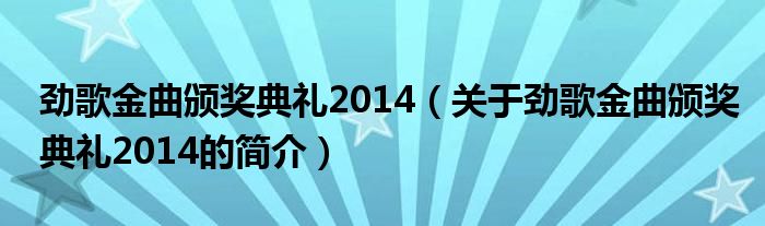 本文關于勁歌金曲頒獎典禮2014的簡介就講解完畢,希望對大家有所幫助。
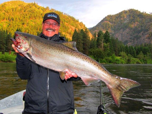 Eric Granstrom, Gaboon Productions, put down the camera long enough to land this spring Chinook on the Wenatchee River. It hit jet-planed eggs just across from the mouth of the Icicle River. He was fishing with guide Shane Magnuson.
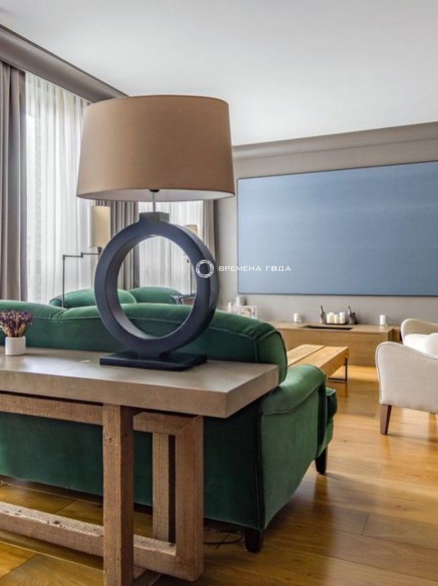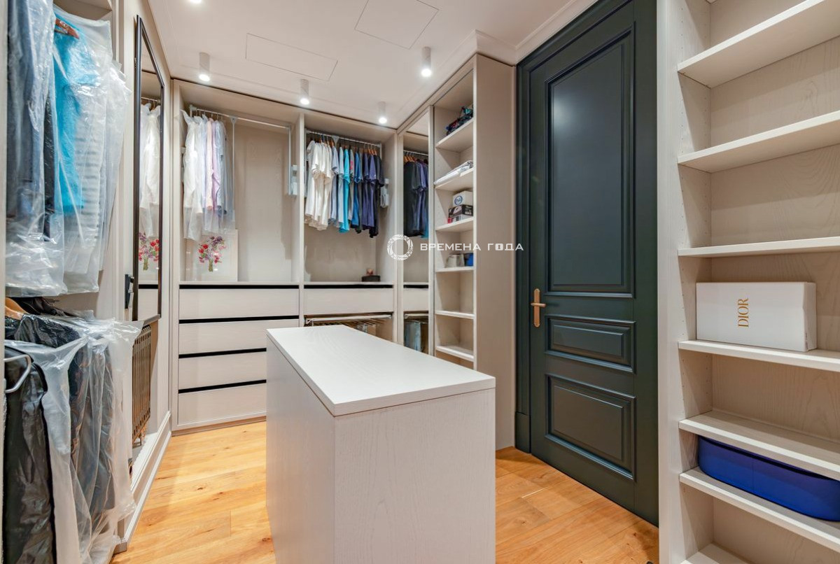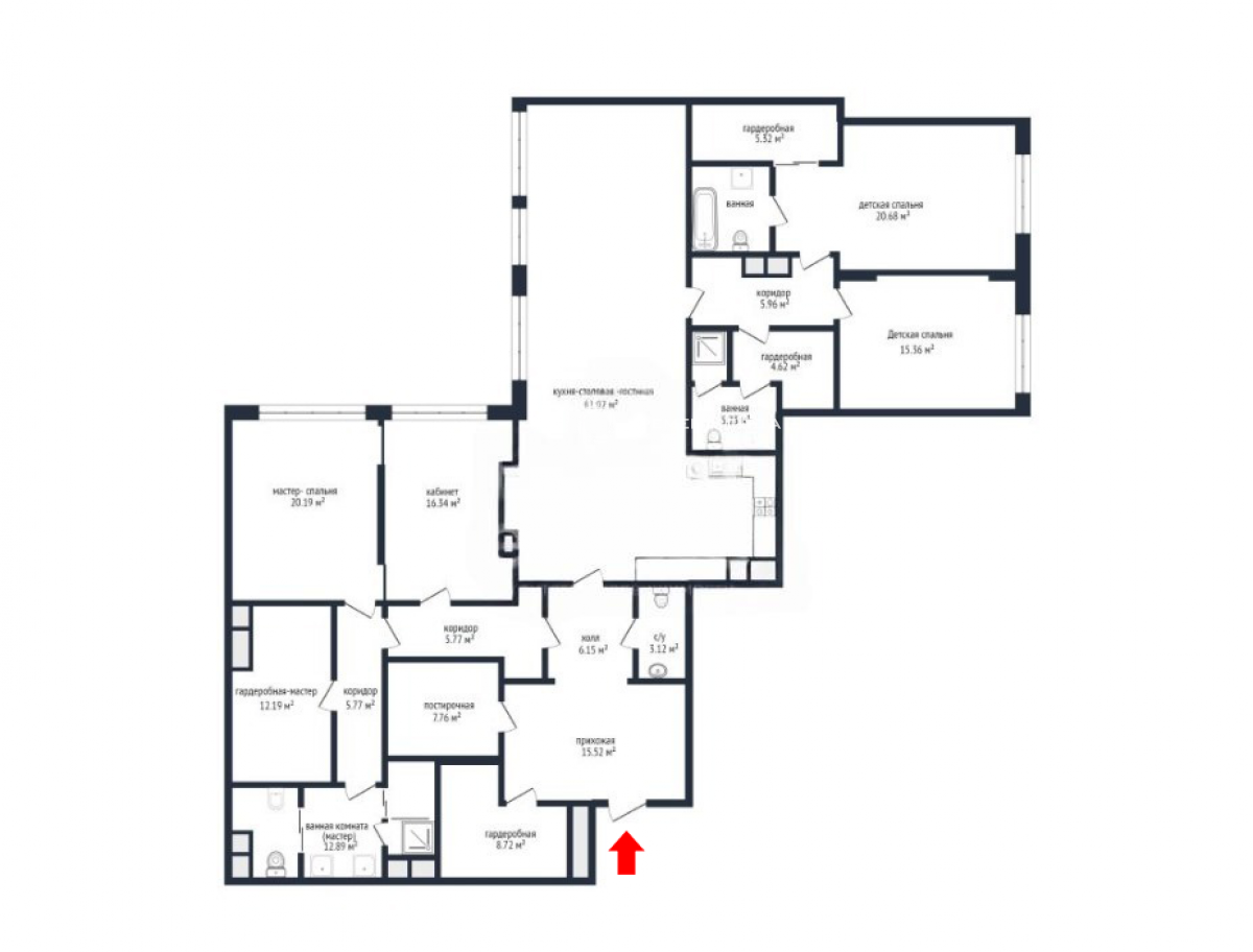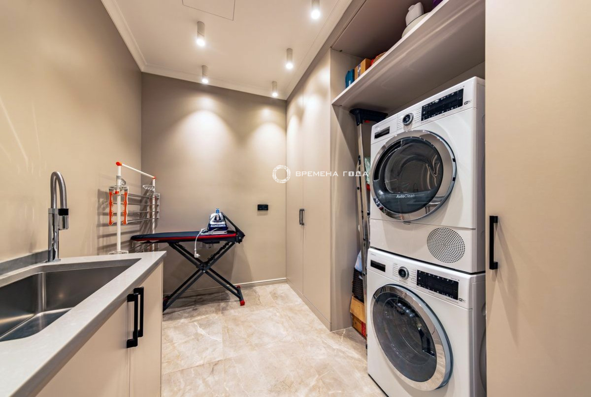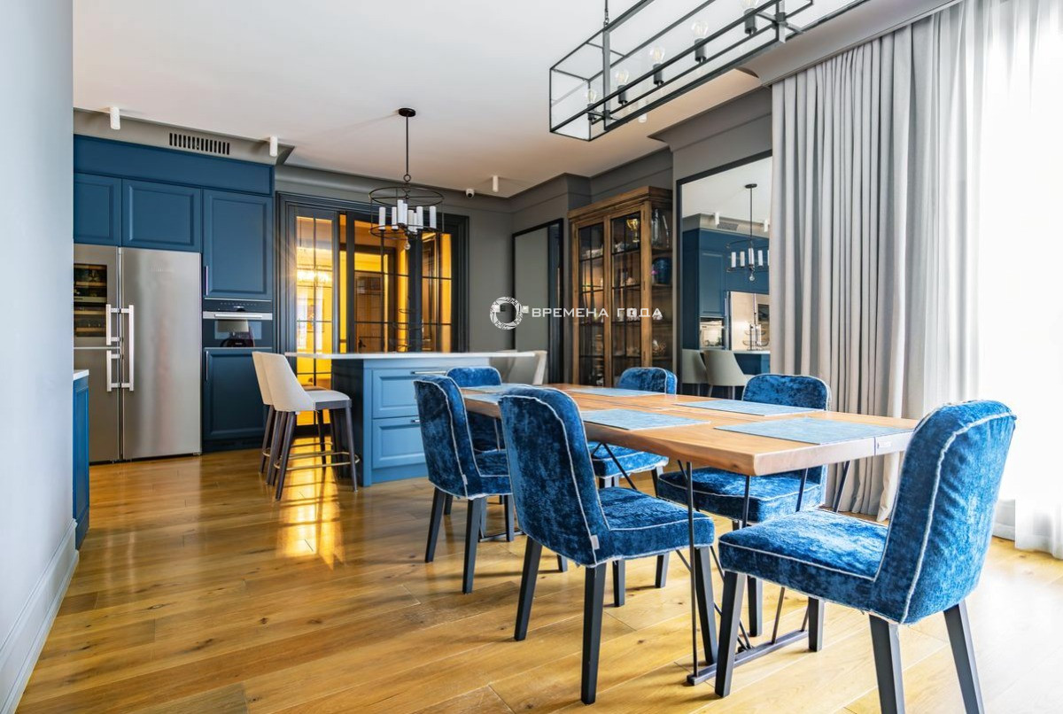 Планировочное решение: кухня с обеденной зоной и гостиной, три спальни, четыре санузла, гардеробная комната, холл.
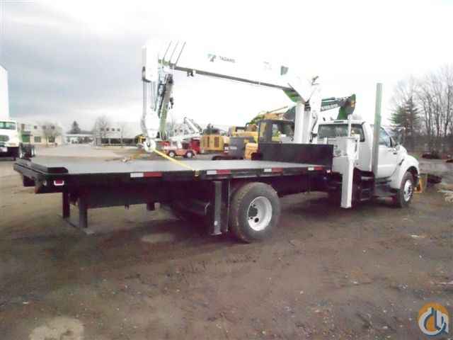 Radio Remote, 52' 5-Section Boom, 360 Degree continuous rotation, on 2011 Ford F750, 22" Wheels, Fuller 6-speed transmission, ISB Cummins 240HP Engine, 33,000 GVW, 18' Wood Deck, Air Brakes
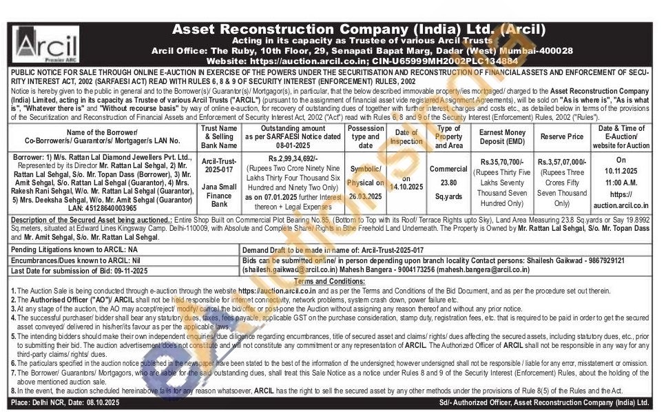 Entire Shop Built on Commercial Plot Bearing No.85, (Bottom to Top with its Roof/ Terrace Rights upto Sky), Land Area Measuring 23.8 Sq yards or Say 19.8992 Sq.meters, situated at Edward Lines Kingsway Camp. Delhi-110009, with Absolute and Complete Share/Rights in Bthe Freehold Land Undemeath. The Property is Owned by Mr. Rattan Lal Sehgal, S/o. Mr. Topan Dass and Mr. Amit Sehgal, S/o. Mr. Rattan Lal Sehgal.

══════

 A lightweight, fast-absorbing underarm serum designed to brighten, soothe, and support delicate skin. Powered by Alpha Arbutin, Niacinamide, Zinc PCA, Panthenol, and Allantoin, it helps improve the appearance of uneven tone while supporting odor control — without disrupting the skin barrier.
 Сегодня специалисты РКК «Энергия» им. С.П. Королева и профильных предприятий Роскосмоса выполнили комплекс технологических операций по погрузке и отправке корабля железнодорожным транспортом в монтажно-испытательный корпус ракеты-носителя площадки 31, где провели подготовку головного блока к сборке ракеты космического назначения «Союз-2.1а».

══════

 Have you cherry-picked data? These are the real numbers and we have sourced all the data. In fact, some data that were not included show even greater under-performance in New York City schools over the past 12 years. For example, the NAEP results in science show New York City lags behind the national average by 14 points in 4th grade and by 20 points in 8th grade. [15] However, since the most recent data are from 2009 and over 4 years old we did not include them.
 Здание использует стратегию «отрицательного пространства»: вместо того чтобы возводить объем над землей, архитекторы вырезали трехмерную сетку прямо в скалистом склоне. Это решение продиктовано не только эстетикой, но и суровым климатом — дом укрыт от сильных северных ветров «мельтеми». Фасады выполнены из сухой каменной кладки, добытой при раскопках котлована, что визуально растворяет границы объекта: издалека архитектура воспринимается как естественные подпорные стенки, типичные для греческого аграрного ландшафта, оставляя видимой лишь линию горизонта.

══════

After locating "本文關于勁歌金曲頒獎典禮2014的簡介就講解完畢,希望對大家有所幫助。" and "Radio Remote, 52'" in the records above, return exactly the line holding each one and every line between them; leave out the pictures.

## Problem solution
 本文關于勁歌金曲頒獎典禮2014的簡介就講解完畢,希望對大家有所幫助。
 Eric Granstrom, Gaboon Productions, put down the camera long enough to land this spring Chinook on the Wenatchee River. It hit jet-planed eggs just across from the mouth of the Icicle River. He was fishing with guide Shane Magnuson.
 Планировочное решение: кухня с обеденной зоной и гостиной, три спальни, четыре санузла, гардеробная комната, холл.
 Radio Remote, 52' 5-Section Boom, 360 Degree continuous rotation, on 2011 Ford F750, 22" Wheels, Fuller 6-speed transmission, ISB Cummins 240HP Engine, 33,000 GVW, 18' Wood Deck, Air Brakes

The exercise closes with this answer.